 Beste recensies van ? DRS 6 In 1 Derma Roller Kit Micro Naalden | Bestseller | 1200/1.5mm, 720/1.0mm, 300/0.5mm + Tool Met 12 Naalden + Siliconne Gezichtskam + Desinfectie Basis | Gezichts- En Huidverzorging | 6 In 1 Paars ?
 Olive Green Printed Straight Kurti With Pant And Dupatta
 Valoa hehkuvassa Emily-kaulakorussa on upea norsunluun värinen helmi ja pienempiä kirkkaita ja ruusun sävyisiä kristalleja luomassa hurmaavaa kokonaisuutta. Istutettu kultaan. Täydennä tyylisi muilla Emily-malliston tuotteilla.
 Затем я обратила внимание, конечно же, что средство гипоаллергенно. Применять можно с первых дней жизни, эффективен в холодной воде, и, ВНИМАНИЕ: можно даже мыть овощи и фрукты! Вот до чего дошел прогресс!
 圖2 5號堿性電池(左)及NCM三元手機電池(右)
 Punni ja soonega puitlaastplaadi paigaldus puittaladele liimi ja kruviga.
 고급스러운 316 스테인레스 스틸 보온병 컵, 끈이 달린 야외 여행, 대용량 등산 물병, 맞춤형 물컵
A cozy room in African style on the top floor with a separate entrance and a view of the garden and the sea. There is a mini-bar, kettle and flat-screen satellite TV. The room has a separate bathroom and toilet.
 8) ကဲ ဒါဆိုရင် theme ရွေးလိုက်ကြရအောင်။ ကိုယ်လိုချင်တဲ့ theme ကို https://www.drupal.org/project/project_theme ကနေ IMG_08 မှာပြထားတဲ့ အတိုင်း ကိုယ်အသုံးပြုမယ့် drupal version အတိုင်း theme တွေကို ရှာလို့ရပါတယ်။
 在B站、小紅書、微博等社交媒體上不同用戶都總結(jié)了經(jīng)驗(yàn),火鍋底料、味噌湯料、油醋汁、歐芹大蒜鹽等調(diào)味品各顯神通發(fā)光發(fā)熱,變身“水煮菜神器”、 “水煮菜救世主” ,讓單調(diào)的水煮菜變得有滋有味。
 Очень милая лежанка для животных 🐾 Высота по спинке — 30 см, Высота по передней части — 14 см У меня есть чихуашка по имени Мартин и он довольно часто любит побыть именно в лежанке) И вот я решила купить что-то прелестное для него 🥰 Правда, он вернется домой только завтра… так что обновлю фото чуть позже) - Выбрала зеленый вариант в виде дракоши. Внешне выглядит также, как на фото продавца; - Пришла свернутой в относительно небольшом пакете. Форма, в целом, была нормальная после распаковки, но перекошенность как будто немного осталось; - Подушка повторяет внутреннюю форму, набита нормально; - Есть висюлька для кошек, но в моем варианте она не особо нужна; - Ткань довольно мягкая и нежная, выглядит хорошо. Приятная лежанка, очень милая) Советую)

▶ [Assignment] Quote the listing above, but only from the line that shows "A cozy room" through the line that shows "8) ကဲ ဒါဆိုရင်".

▶ [Task solution]
A cozy room in African style on the top floor with a separate entrance and a view of the garden and the sea. There is a mini-bar, kettle and flat-screen satellite TV. The room has a separate bathroom and toilet.
 8) ကဲ ဒါဆိုရင် theme ရွေးလိုက်ကြရအောင်။ ကိုယ်လိုချင်တဲ့ theme ကို https://www.drupal.org/project/project_theme ကနေ IMG_08 မှာပြထားတဲ့ အတိုင်း ကိုယ်အသုံးပြုမယ့် drupal version အတိုင်း theme တွေကို ရှာလို့ရပါတယ်။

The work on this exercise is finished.